[EXERCISE BRIEF]: Drop the images. Copy every line below character for character.

[INFORMATION SUPPLIED]:
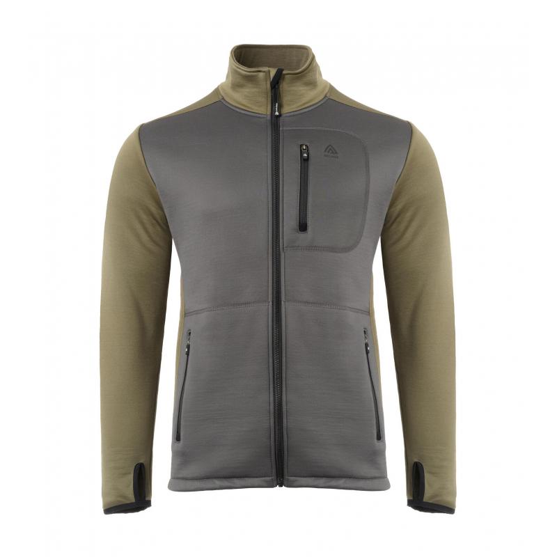 WoolShell Jacket er en jakke med høy hals og glidelås åpning i front. Den er laget i vårt WoolShell stoff med god stretch, som er behagelig å ha på seg. Ullstoffet er strikket og børstet, med et ekstra lag utenpå som beskytter litt mer mot vær og vind, samtidig som det gir økt slitestyrke. Det er tre gode lommer med glidelås, to i sidene og en på brystet. Øverst på venstre side finner du en liten Aclima logo og nederst på armene har vi laget tommelgrep som holder jakka på plass, varmer og hindrer glippe med kald luft mellom hanske og eventuelt et ekstra ytterplagg. Denne jakka er god som middle layer eller alene uten forterkningsplagg utenpå når været er middels kaldt.
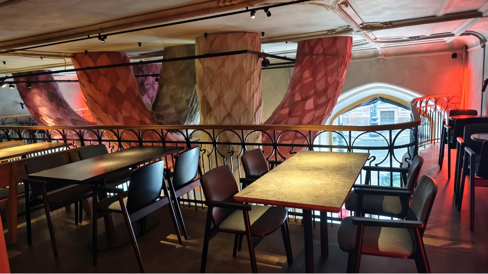 Я так стар, что до сих пор это помещение называю «магазин Trussardi» - помню, как его открывал Анатолий Собчак. По-прежнему, почти нет вывески – скромные буквы на стеклах витрин, с уважением к Великому Городу и госсоседу - РосФото. Уютно, тепло, хорошо. Обжили то, что после реновации логично пахло свежим ремонтом и отъездом строителей. Даже после «закрытых вечеринок» по случаю открытия, было непривычно спустя стольких лет в старом оформлении. Массивный и важный второй этаж по-прежнему угрюмейше барный – точно воссозданные задние ряды кинотеатра, что провоцируют на… Между ним и основным, воспетая авторами цифрового контента «конструкция». Так описал скепсис по отношению к главной фишке оформления «…части «дракона» кажутся легким занавесом, сделанным из простого материала, не складываясь в образ… он тут работает как наполнитель в коробке заказа с маркетплейса. Если его цель пожирать самое дорогое сейчас – пространство, воздух и отличия высокого (козырного) помещения на два уровня, то он сбрасывает настройки объема зала в два раза… В общем, я категорически против этой идеи, мне категорически не нравится воплощение». Сегодня не буду так резок. Объятые экономией интерьеры новых мест сейчас не радуют вложениями. Скоро будем ходить смотреть, как в музей. На диковинку посмотреть: «вот, вложения»!
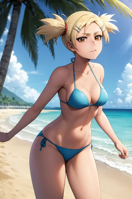 基本プロンプト:1girl, sarugaki hiyori, blonde hair, short twintails, brown eyes, freckles, hairclip
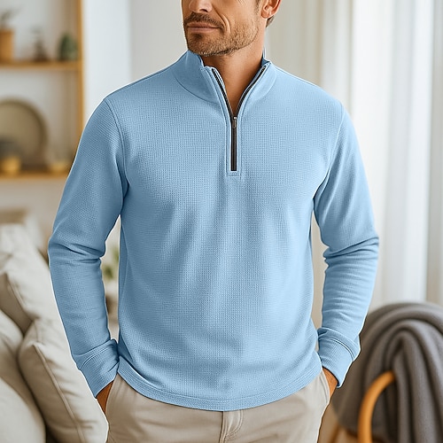 Per uomo Magliette Polo a Nido d'Ape Testurizzato Vacanza Lavoro Zip a un quarto Manica Lunga Moda Moderno Tinta unica Lavorato a maglia Primavera Autunno Bianco Nero Grigio scuro Azzurro Magliette

[SOLUTION TO THIS EXERCISE]:
 WoolShell Jacket er en jakke med høy hals og glidelås åpning i front. Den er laget i vårt WoolShell stoff med god stretch, som er behagelig å ha på seg. Ullstoffet er strikket og børstet, med et ekstra lag utenpå som beskytter litt mer mot vær og vind, samtidig som det gir økt slitestyrke. Det er tre gode lommer med glidelås, to i sidene og en på brystet. Øverst på venstre side finner du en liten Aclima logo og nederst på armene har vi laget tommelgrep som holder jakka på plass, varmer og hindrer glippe med kald luft mellom hanske og eventuelt et ekstra ytterplagg. Denne jakka er god som middle layer eller alene uten forterkningsplagg utenpå når været er middels kaldt.
 Я так стар, что до сих пор это помещение называю «магазин Trussardi» - помню, как его открывал Анатолий Собчак. По-прежнему, почти нет вывески – скромные буквы на стеклах витрин, с уважением к Великому Городу и госсоседу - РосФото. Уютно, тепло, хорошо. Обжили то, что после реновации логично пахло свежим ремонтом и отъездом строителей. Даже после «закрытых вечеринок» по случаю открытия, было непривычно спустя стольких лет в старом оформлении. Массивный и важный второй этаж по-прежнему угрюмейше барный – точно воссозданные задние ряды кинотеатра, что провоцируют на… Между ним и основным, воспетая авторами цифрового контента «конструкция». Так описал скепсис по отношению к главной фишке оформления «…части «дракона» кажутся легким занавесом, сделанным из простого материала, не складываясь в образ… он тут работает как наполнитель в коробке заказа с маркетплейса. Если его цель пожирать самое дорогое сейчас – пространство, воздух и отличия высокого (козырного) помещения на два уровня, то он сбрасывает настройки объема зала в два раза… В общем, я категорически против этой идеи, мне категорически не нравится воплощение». Сегодня не буду так резок. Объятые экономией интерьеры новых мест сейчас не радуют вложениями. Скоро будем ходить смотреть, как в музей. На диковинку посмотреть: «вот, вложения»!
 基本プロンプト:1girl, sarugaki hiyori, blonde hair, short twintails, brown eyes, freckles, hairclip
 Per uomo Magliette Polo a Nido d'Ape Testurizzato Vacanza Lavoro Zip a un quarto Manica Lunga Moda Moderno Tinta unica Lavorato a maglia Primavera Autunno Bianco Nero Grigio scuro Azzurro Magliette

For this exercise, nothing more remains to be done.